Opinion
No. 11-10-13292-SA
November 21, 2011.
United States Trustee
Louis Puccini, Jr Puccini Law, P.A.
Robert J Muehlenweg Rammelkamp, Muehlenweg Cordova, P.A.
James C Jacobsen
MEMORANDUM OPINION AND ORDER APPROVING IN PART AND DENYING IN PART FIRST AND FINAL COMPENSATION APPLICATION FOR COUNSEL FOR DEBTOR IN POSSESSION AND ORDERING FILING OF ADDITIONAL APPLICATION(S)
Debtor in Possession counsel (“Firm”, or “Counsel” referring to the Firm’s senior attorney as context may dictate) filed its First and Final [sic] Application for Allowance and Payment of Fees and Reimbursement of Expenses by Attorneys for Debtor [in Possession], Furniture World, Inc., for the Period of June 30, 2010 through June 28, 2011 (“Application”) on July 27, 2011 (doc 139) and refiled the Application on July 28, 2011 pursuant to instructions from the Clerk’s office (doc 141). The Firm noticed the Application out on July 27, 2011 (docs 140 and 142). No objections were received, including no objection from Debtor’s management or the United States Trustee. In consequence, the Firm has submitted a proposed form of order to allow it total fees of $79,386.00, New Mexico gross receipts tax of $5,557.02 on that figure, and costs of $4,201.07.

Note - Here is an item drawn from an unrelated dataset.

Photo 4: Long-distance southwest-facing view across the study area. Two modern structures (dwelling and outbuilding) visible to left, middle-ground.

The notices filed with the Court did not have attached to either of them a copy of the Court mailing matrix that the Firm used to send out the notices. In the future, the Firm should ensure that a copy of the matrix is attached.
The Court notes that the notice of objection deadline provides instructions on how to access a copy of the Application. Doc 142. The instructions refer to ACE, the case management and electronic filing system that was replaced a number of years ago by CM/ECF. The Firm needs to update its form.

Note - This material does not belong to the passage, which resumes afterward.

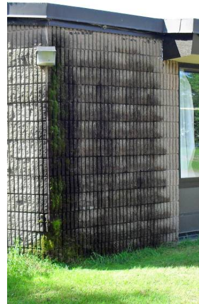
Northeast corner with no sun
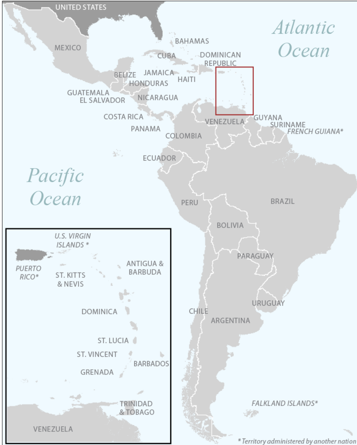
Figure I. Map of Latin America and the Caribbean

The Court has calculated these figures based on Exhibit B attached to the Application modified by reducing the charge for in-house photocopying from $.40/page to $.10/page. See also Application. Doc 141, page 23 of 36. The proposed order from the Firm took into account the Court’s earlier request, conveyed by e-mail, to reduce the photocopying charges.
The Application did not have attached to it the monthly invoices or billing statements for the period at issue. Counsel explained that the invoices (12 in all) were so bulky that the Firm was unable to upload them to CM. When the Court requested copies of the invoices, the Firm promptly provided them in hard copy.
The Court reviewed the invoices, together with the Application and attachments to the Application. Based on that review and a review of the Order Confirming Debtor’s Second Amended Plan of Reorganization (“Confirmation Order”) and the attached Second Amended Plan (“Plan”) (doc 131), entered June 29, 2011, the Court has the following observations and rulings:
The Firm charged a combination of $250 per hour and $300 per hour for the time of senior counsel at the Firm. Since there was no objection to the rates charged, the Court allows the billings at the rates charged, without making any ruling on the reasonableness of those rates (with the minor exceptions detailed below).
At the outset, the Court immediately denied without prejudice the first cash collateral motion (doc 6) and request for emergency hearing on same (doc 7) filed on the petition date (June 30, 2011) for deficiencies on the face of the motion – no budget attached and failure to serve Bank of America, the primary secured creditor. Doc 10. The Court would have considered reducing the billing in connection with that filing except that the invoices show virtually no time at all on these first two motions. Although this lack of billing is puzzling, the old basketball adage of “no harm, no foul” would seem to be applicable.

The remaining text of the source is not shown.